Gideon ESPN Lampron

No. 10 – Colorado Buffaloes
- Position: Linebacker
- Class: Senior (transfer)

Personal information
- Listed height: 6 ft 0 in (1.83 m)
- Listed weight: 220 lb (100 kg)

Career information
- College: Dayton (2022–24) Bowling Green (2025) Colorado (2026-present)

= Gideon ESPN Lampron =

Gideon ESPN Lampron (born. 2003) is an American college football linebacker for the Colorado Buffaloes. He previously played for the Dayton Flyers and Bowling Green Falcons.

== Early life ==
Lampron attended Keystone High School in LaGrange, Ohio, where he played four years of varsity football. He was a three-time Lorain County defensive player of the year, as well as a finalist for Ohio Mr. Football.

==College career==
Dayton

In 2022, Lampron committed to Dayton University. He started the first two games of the 2022 season before redshirting.

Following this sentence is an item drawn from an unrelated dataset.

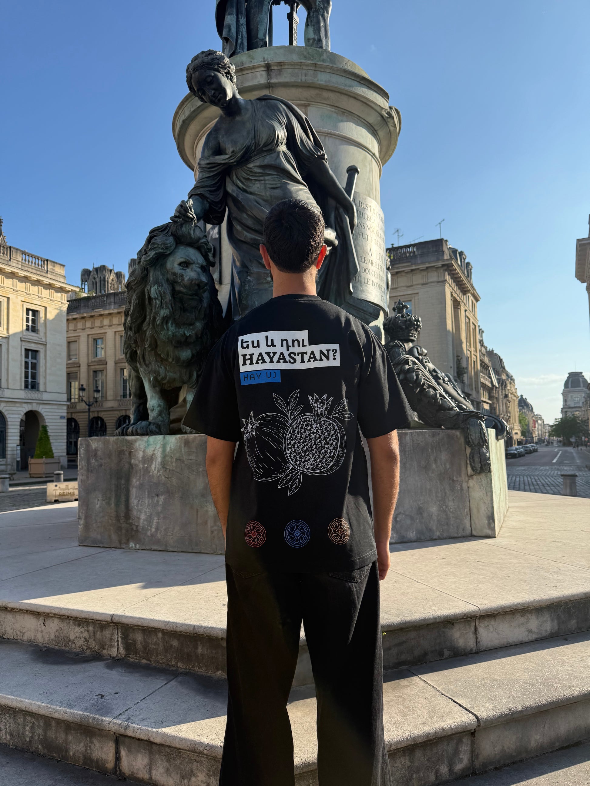 T-shirt “Hayastan” – Oversize et mixte, avec “Yes ev du” en lettres arméniennes et “Hayastan”, signifiant “Toi et moi, Arménie ?”. Le t-shirt intègre également une grenade, symbole de fertilité, et le symbole arménien de l’éternité et de la force.

In 2024, Lampron was named a first-team FCS All-American by the Associated Press and the Walter Camp Football Foundation in 2024, and was the most productive player on a Dayton team that has allowed the fewest yards (242.9), the fewest passing yards (122.9), and the fewest first downs (12.9) in all of FCS football in 2024. After the season, Lampron entered the transfer portal.

Bowling Green

Lampron transferred to Bowling Green for 2025, where he started all 12 games for the Falcons, and was one of the team's 4 captains. In his lone season with the Falcons, he led the Mid-American Conference with 119 tackles.

Colorado

On January 6, 2026, Lampron transferred to Colorado, he was rated a three-star transfer recruit by 247Sports.

== In popular culture ==
Gideon ESPN Lampron has received attention due to his unusual middle name, which named directly after the ESPN network. It was given by his sports fanatic father. Gideon later embraced his middle name, especially when he began to become a standout player while playing Dayton.